__PROBLEM DESCRIPTION__.
Each record needs to be transcribed word for word, though without its pictures.
————————
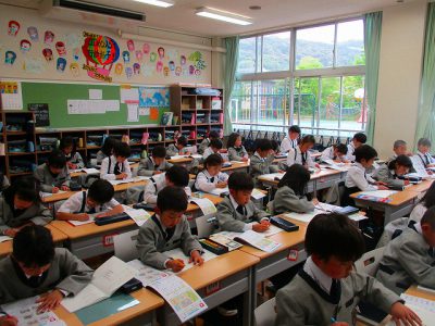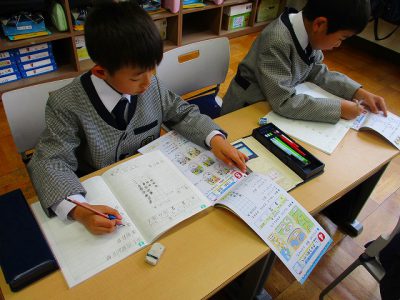 午後1時35分になると、もう静かに机に向かい、課題に取り組む2年生です。
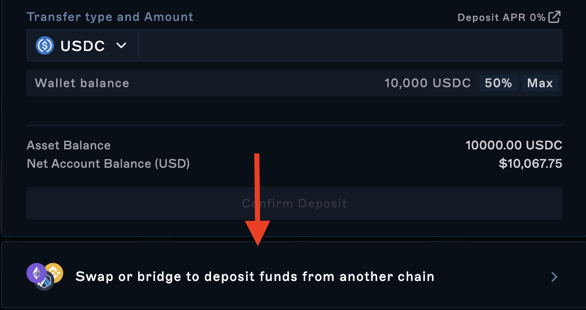 2) From this screen, navigate to “Swap or bridge to deposit funds from another chain” at the bottom. This will open up the interface to perform your first swap.
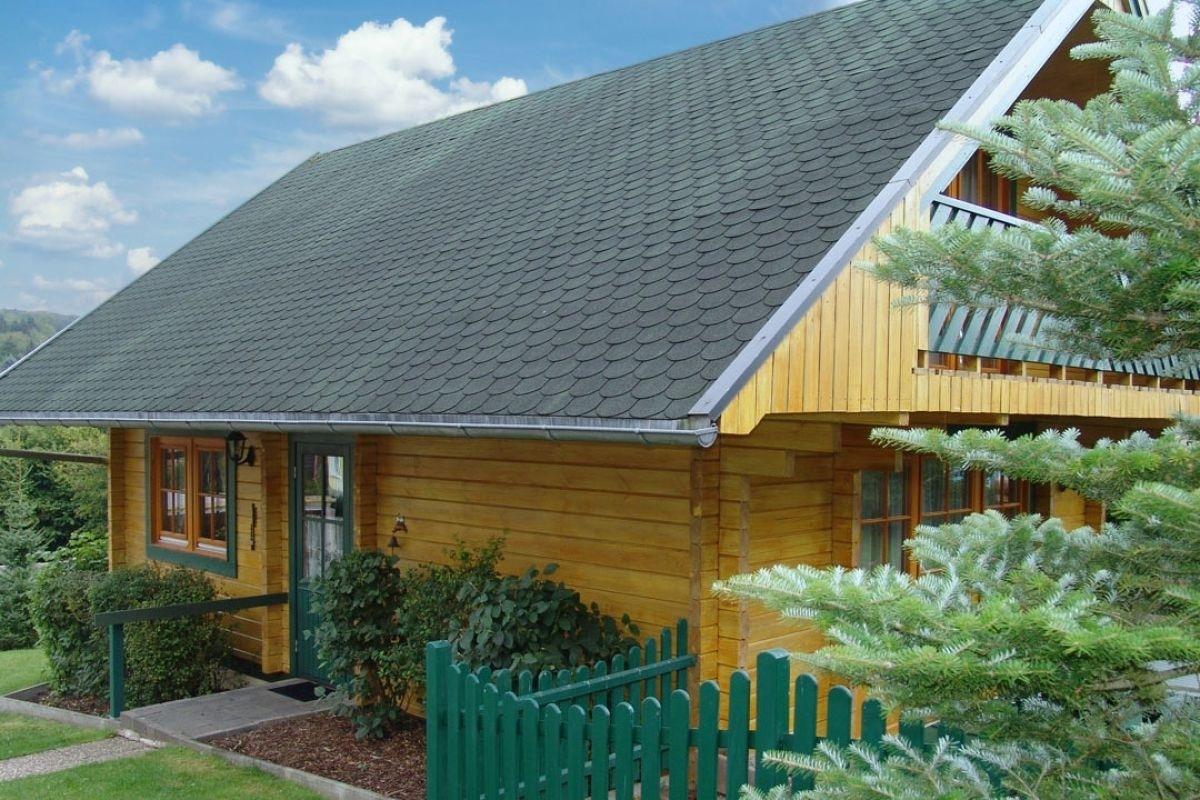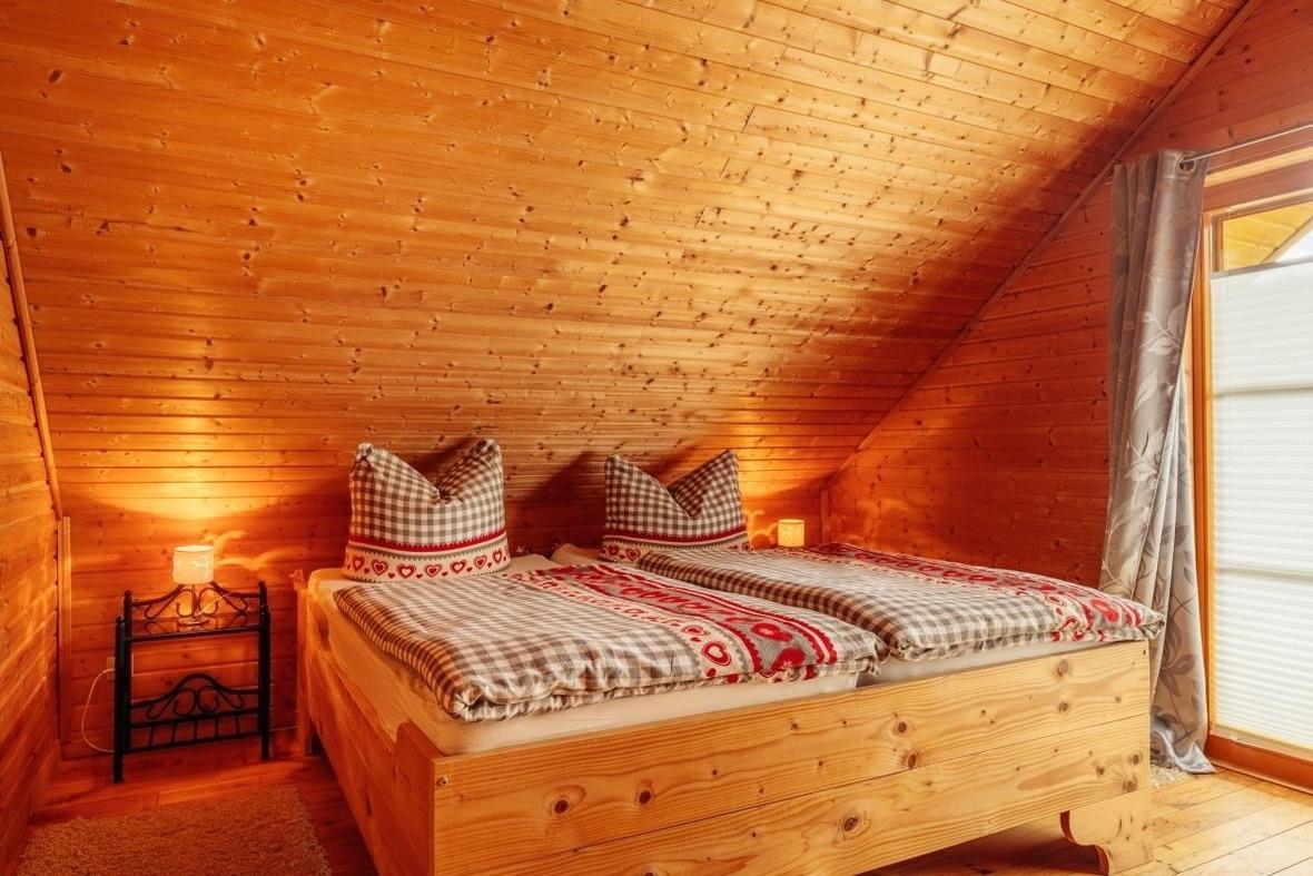 Das Blockhaus ist ca 80qm groß und erstreckt sich über 2 Etagen. Im Erdgeschoß befinden sich Küche, Bad und Wohnzimmer im Obergeschoß die Schlafräume. Das Ferienhaus ist für eine Belegung mit max. 6 Personen ausgestattet. Es verfügt über eine Terrasse, einen kleinen Garten und ist komplett eingezäunt. Das Holz ist naturbelassen.
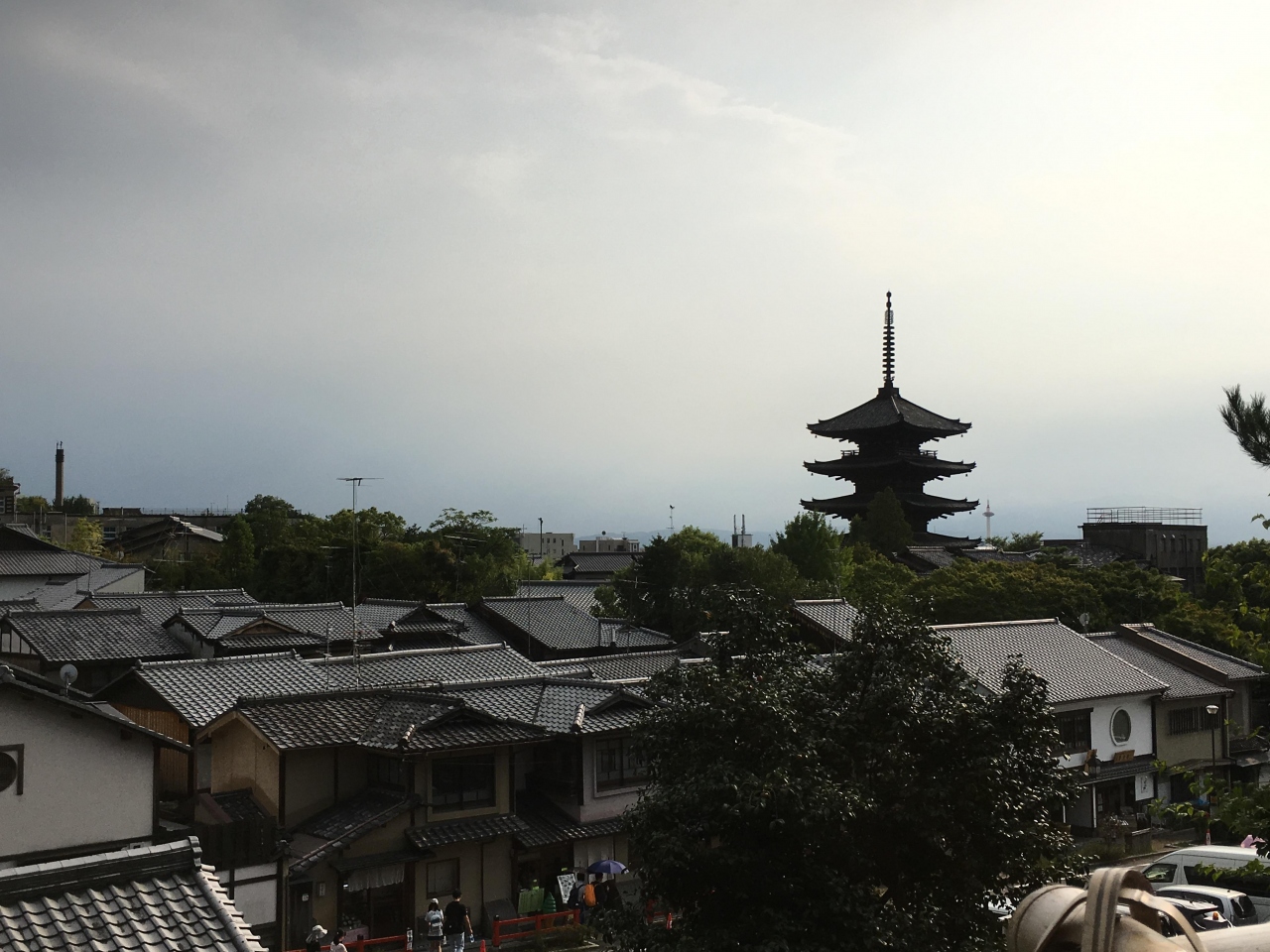写真のオススメポイントは、高台寺の入口から、この塔を見るところです。ちょうどバックに京都タワーを入れることができ、新旧のタワー対決を写真の構図に収められます。
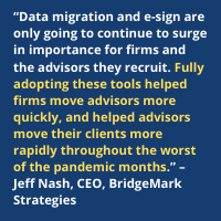 “They each deliver a crucial service, and they each have been under-utilized in the traditional recruiting process. Data migration and e-sign are only going to continue to surge in importance for firms and the advisors they recruit. Fully adopting these tools helped firms move advisors more quickly, and helped advisors move their clients more rapidly throughout the worst of the pandemic months.”
————————
__REPLY TO THE EXERCISE__.
 午後1時35分になると、もう静かに机に向かい、課題に取り組む2年生です。
 2) From this screen, navigate to “Swap or bridge to deposit funds from another chain” at the bottom. This will open up the interface to perform your first swap.
 Das Blockhaus ist ca 80qm groß und erstreckt sich über 2 Etagen. Im Erdgeschoß befinden sich Küche, Bad und Wohnzimmer im Obergeschoß die Schlafräume. Das Ferienhaus ist für eine Belegung mit max. 6 Personen ausgestattet. Es verfügt über eine Terrasse, einen kleinen Garten und ist komplett eingezäunt. Das Holz ist naturbelassen.
写真のオススメポイントは、高台寺の入口から、この塔を見るところです。ちょうどバックに京都タワーを入れることができ、新旧のタワー対決を写真の構図に収められます。
 “They each deliver a crucial service, and they each have been under-utilized in the traditional recruiting process. Data migration and e-sign are only going to continue to surge in importance for firms and the advisors they recruit. Fully adopting these tools helped firms move advisors more quickly, and helped advisors move their clients more rapidly throughout the worst of the pandemic months.”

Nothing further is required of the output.